Glossary

• Round-robin is a scheduling discipline that allows several data flows to fairly share the link capacity.
• Effective arrival rate is throughput.
• Model is an abstraction of the system. It should capture the essential characteristics of the system.
• Attribute is the property of an entity.
• Birth-Death process is a special case of Markov process.
• Ultilization is the percentage of time the server is busy, Σ s_i / total time or U = XS
• Service time = service requirement / server capacity.
• Little's Law is applicable to any types of queueing models, given the system is stable. Q = XR
• Z is think time; S is service time; R is response time = total response time / n; X is throughput = number of completion / time; U is utilization; μ is service rate; λ is arrival rate = n/L; Q is mean number of jobs in system; N* is the saturation point S+Z/S;
• Response variable is outcome of an experiment, typically a performance metric.
• Factor is a parameter that will be varied during the evaluation, may have several alternatives (levels).
• Level is a value that a factor may assume.
• Traffic intensity is ρ = λ / μ

Queueing Disciplines

• FCFS
• LCFS
• Shortest time first serve

Analysis of Variance

• Overall mean μ = 1/ar ( Σ&Sigma y_ij ).
• Effect α_j = y_.j - μ.
• SSY is the sum of all y squares over a levels and r repetitions.
• SSO is the square of mean times a levels and r repetitions.
• SSA is sum of effects.
• SST is the total variance = SSY - SSO
• SSE is the total error = SST - SSA

Performance Model Development

• Obtain a good understanding of the system
• Determine system components the model should include
• Use models done on similar systems
• Identify key entities and attributes
• Select queueing model
• Specify resource management schemes
• Specify system and workload parameters and performance metrics

Simulation Program Overview

• Initialization: resets clock, queues, event set.
• Main loop: advance clock and invoke events until termination condition is met.
• Event routine: a specialized routine for each event type, update statistical counter, insert future events to event queue.
• Report generator: invoked when simulation ends, compute and output results.

Random Number Generator

• Random numbers need to be uniformally distributed, independent from previous results, computationally inexpensive, large period.
• To test random number, create groups of 2 random numbers, (0th,1th)(2th,3th) ... draw them on a plane as (x,y). Partition the plane into k squares, and examine the result with chi square test.

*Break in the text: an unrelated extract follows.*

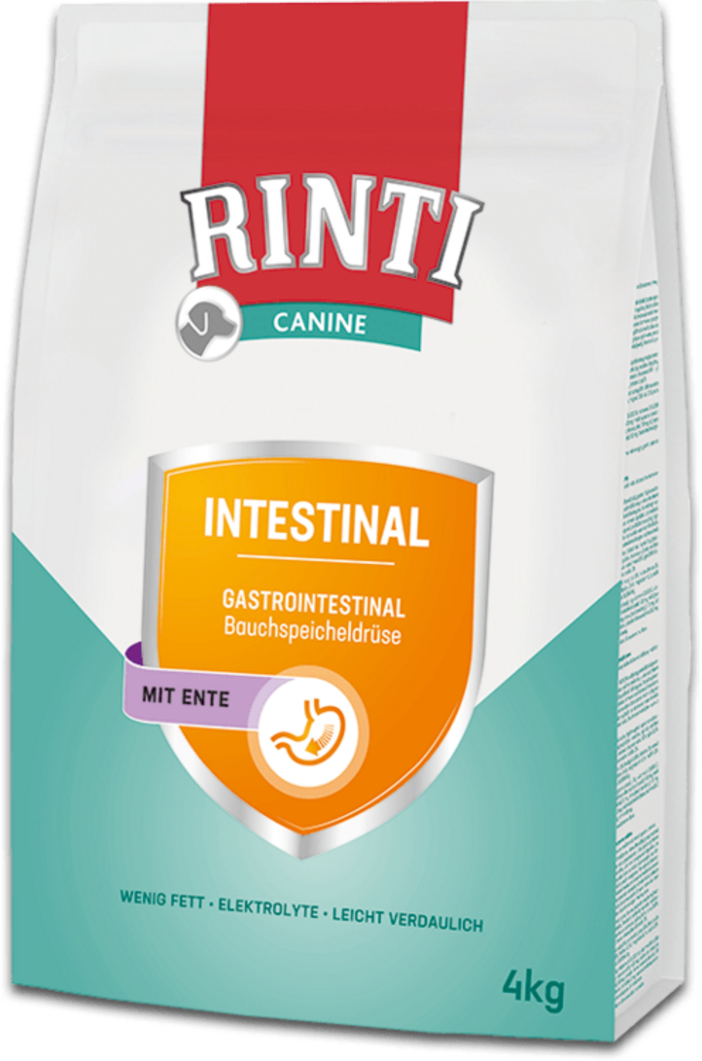 Rinti Canine Intestinal bolo špeciálne vyvinuté pre psov, ktorí trpia gastrointestinálnymi ochoreniami pankreasu alebo žalúdočno - črevného traktu. Ide o dobre stráviteľné diétne suché krmivo s nízkym obsahom tuku a zvýšeným obsahom elektrolytov (sodík, horčík, vápnik, draslík), čo pomáha kompenzovať poruchy trávenia a exokrinnú pankreatickú insuficienciu, ako aj zmierňovať poruchy vstrebávania v črevách.

Systematic Approach to Performance Evaluation

• State goal and define the system
• List services and out comes
• Select Metrics
• List parameters
  • System parameters: hardware and software resources, system design strategies
  • Workload parameters: user behavior
• Select factors
• Select evaluation technique
  • Measurement: involves event driven or time driven measurement done by software or hardware.
  • Simulation
  • Analytic Modelling
• Select workload
• Design experiments
• Analysis and interpretation of results
• Present results

Inverse Transformation Method

• Inverse transformation method is used to generate variates that follow arbitrary probability distribution.
• Generate a random number uniformally distributed across 0-1.
• Obtain the cumulative density function of the probability distribution.
• Equate the CDF with the random number generated and solve for x. x is the random variate of interest.

Birth-Death Process

• Works for exponential distributions
• Obtain a simplified form of P_n = P₀(λ₀λ₁λ₂...λ_n-1 / μ₁μ₂μ₃...μ_n)
• Determine p₀ = [ 1 + Σ^∞_n=0 (λ₀λ₁λ₂...λ_n-1 / μ₁μ₂μ₃...μ_n) ]^-1
• Determine E(n) = Σ^∞_n=0 (n p_n)
• Determine effective arrival rate: λ' = Σ^∞_n=0 (&lambda_np_n)
• Little's law E(r) = E(n) / λ'
• m servers: μ_j=jμ if j < m; μ_j=mμ if j >= m
• N population λ_j=(N-j)λ
• B buffer: λ_j = λ if j < B; λ_j = 0 if j=B

Markov Process

• Works for exponential distributions
• Draw the state transition diagram
• Obtain the balance equations
• Solve balance equation with normalizing equation given by Σ_{feasible states} p_s = 1
• Determine performance metrics from p_s

Product Form Networks

• Works for exponential distributions
• Draw the state transition diagram
• Obtain the balance equations
• Assume product form solution
• Verify that product form solution satisfies the balance equations
• Determine the normalizing constant
• Determine performance metrics from state probability